» **AVAILABLE DATA**:

=-=-=-=-=

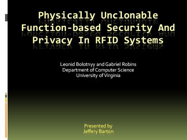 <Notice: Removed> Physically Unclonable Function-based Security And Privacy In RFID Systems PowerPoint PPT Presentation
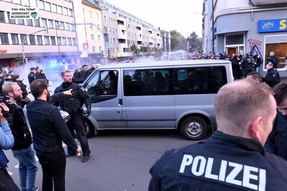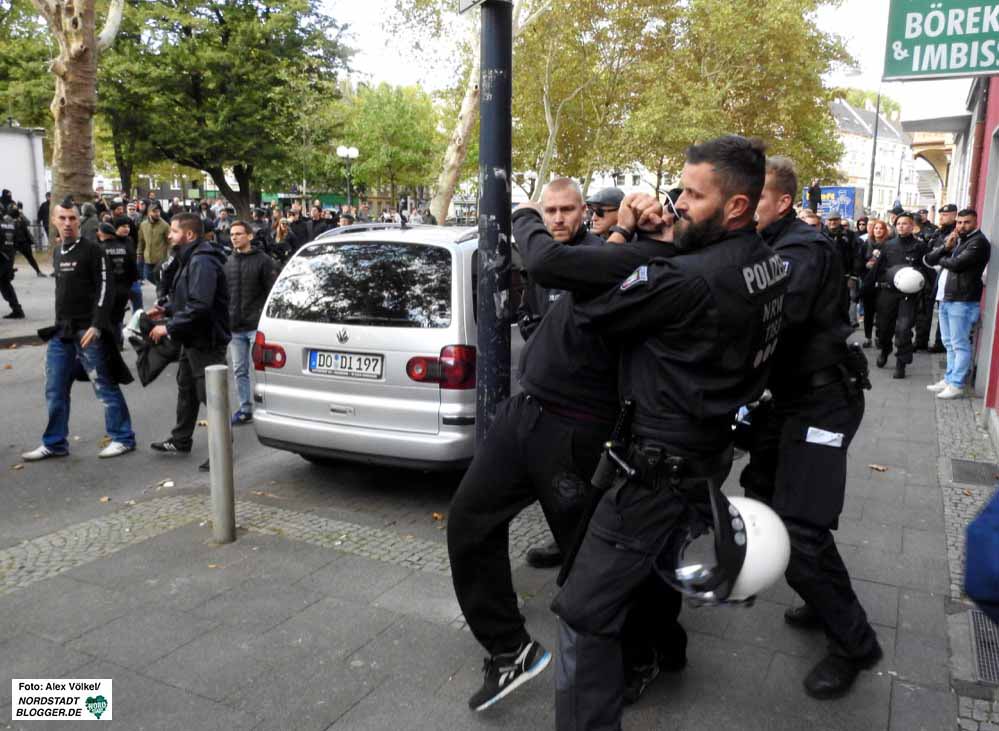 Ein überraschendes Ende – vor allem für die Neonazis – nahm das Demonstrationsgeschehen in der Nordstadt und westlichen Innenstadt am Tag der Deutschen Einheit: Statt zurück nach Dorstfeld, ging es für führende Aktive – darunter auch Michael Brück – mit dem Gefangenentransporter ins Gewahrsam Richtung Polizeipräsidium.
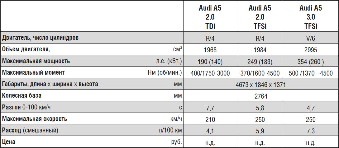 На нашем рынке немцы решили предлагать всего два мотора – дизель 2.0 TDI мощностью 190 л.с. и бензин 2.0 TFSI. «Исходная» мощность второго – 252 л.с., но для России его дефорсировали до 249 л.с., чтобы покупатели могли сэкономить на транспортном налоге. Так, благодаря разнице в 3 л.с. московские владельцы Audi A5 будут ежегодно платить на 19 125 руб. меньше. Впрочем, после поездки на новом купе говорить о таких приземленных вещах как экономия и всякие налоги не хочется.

=-=-=-=-=

» **WORK INSTRUCTIONS**: Return only the lines running from the top of the data to the line that holds "Ein überraschendes Ende". Include both of those lines, but skip the pictures.

» **RESULT OF THE EXERCISE**:
 <Notice: Removed> Physically Unclonable Function-based Security And Privacy In RFID Systems PowerPoint PPT Presentation
 Ein überraschendes Ende – vor allem für die Neonazis – nahm das Demonstrationsgeschehen in der Nordstadt und westlichen Innenstadt am Tag der Deutschen Einheit: Statt zurück nach Dorstfeld, ging es für führende Aktive – darunter auch Michael Brück – mit dem Gefangenentransporter ins Gewahrsam Richtung Polizeipräsidium.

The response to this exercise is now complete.